Help me Abba to stop lacing my life with excuses and justifications for my inabilities, for in doing so I am essentially blaming You for my lack of power in Your Ruach that comes from being in relationship with You. Forgive me for listening to and following a stranger instead of You Abba. Turn my heart back to You Abba that I might Be all that You created me to Be and Do all that You have for me to Do.
If My people who are called by My Name will humble themselves and pray, and seek My Face, turn from their wicked ways; then will I hear from heaven and will forgive their sin and will heal their land.
Remember the story of the blind man, the disciples asked, who sinned this man or his parents that he should be born blind?

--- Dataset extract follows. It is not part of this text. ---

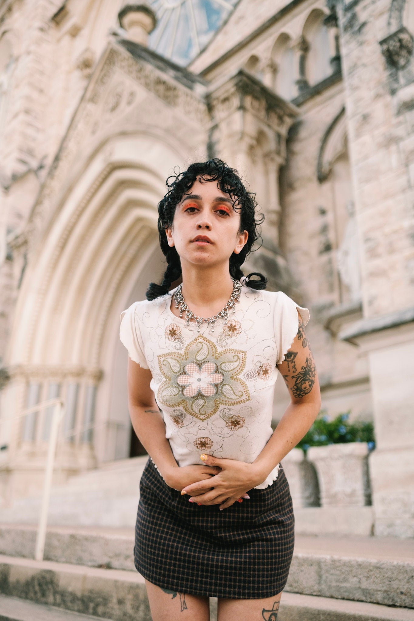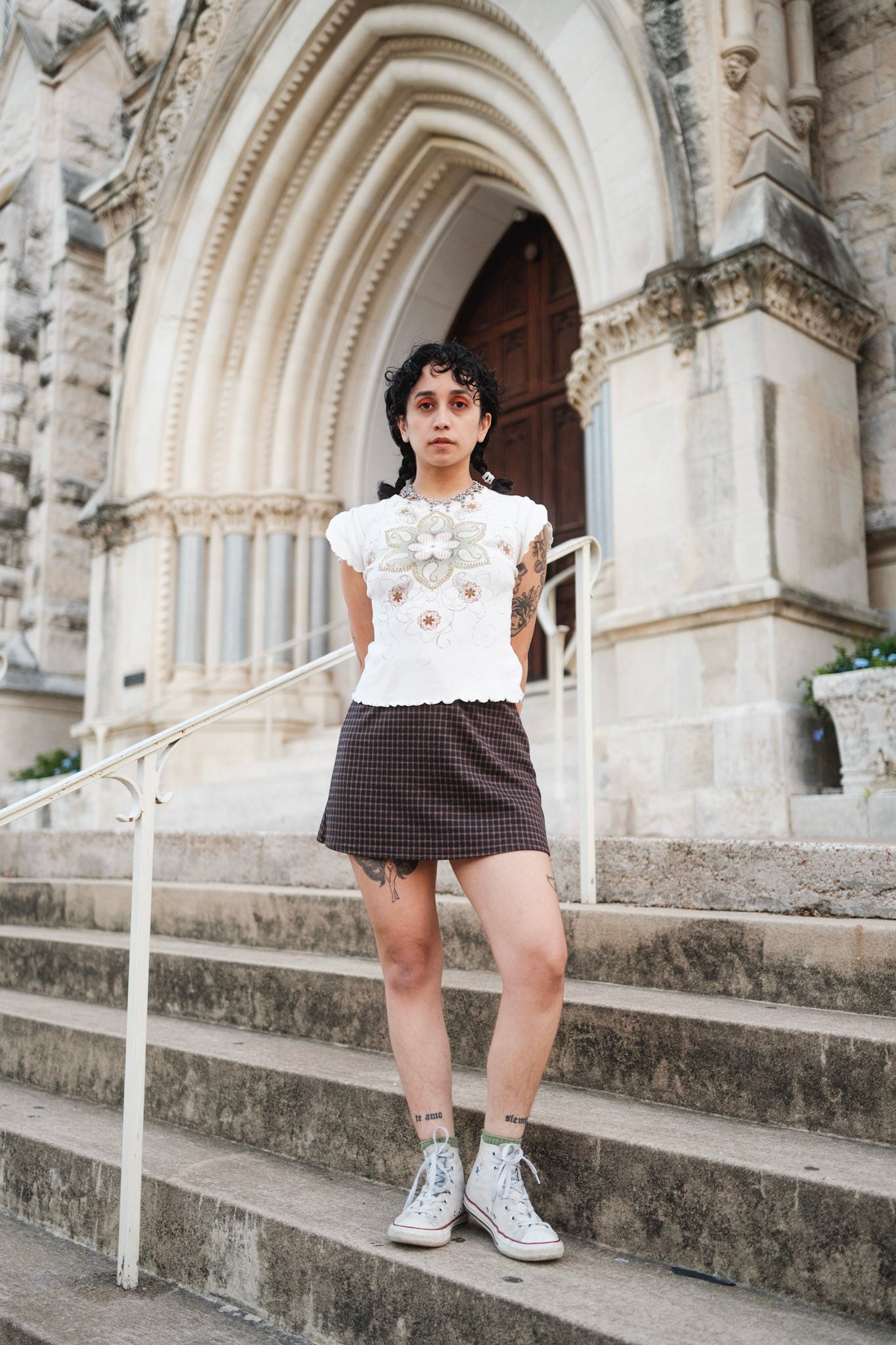 Vintage 90s neutral tone floral tee. Micro beaded details in sage and earth tones with flutter sleeve details and lettuce trim along the edges and hem. By F.A.N.G. Tag size youth L. Best fits an XXS-M (has lots of stretch with a baby tee fit). Seen on Justina.

Yashua answered, it was neither that this man nor his parents that sinned that he should be born blind, but that the Glory of YHVH might be revealed.
When we follow The Shepherd, when we obey His voice the Glory of YHVH is made manifest in our midst! Oh to hear and obey!
Even so come Lord Yashua!

1 comment:

  1. Thank you dear sister for sharing with us the inner most thoughts that the Ruach has given to you. The Ruach is working with many on this very subject. My thoughts have been a little different but when put together with your meditations are a great and wonderful tapestry that Yaweh is spinning for us all. I have recently lost a brother. For many years I prayed for his healing and many times he was but recently I found myself fighting with the Ruach in my prays for healing. I had a feeling this was not what I was to be praying for. I was asking for healing because everyone around was. I found myself thinking about "seek ye first the Kingdom of God" If I was to seek the Kingdom of God why was I not seeking it for others as well. Several times Matt 23:23 was given to me "have neglected the weightier matters of the law: justice and mercy and faith". After meditating on these scriptures and many others I came to the conclusion that praying for healing was being selfish on my part when I could pray for Yah's mercy and have complete faith that my brother would be taken care of by the most loving Father. Yah's mercy would forgive my brother of all his sins and he would ultimately receive the complete and total healing (physical and spirit) that would allow him to enter into the Kingdom of God. What could be more perfect than that. He will be deeply missed but I have great faith that my Father knows what is best for my dear brother. "For this is God, Our God forever and ever; He will be our guide even to death." The last two Torah portions have also reinforced my thoughts of seeking the Kingdom of God, justice, mercy and faith for others. When Aaron was in the Holy and Holies he carried with him all the names of the children of Israel. I have always prayed for others but I think its time we take it to a higher level. I want nothing more than to listen to the voice of Yah. I ask Him everyday now to put my day in order I only want to do what he has in mind for me. He made me think of you today. May the Glory of Yah be revealed in all. Miss you both very much and pray we will see each other soon.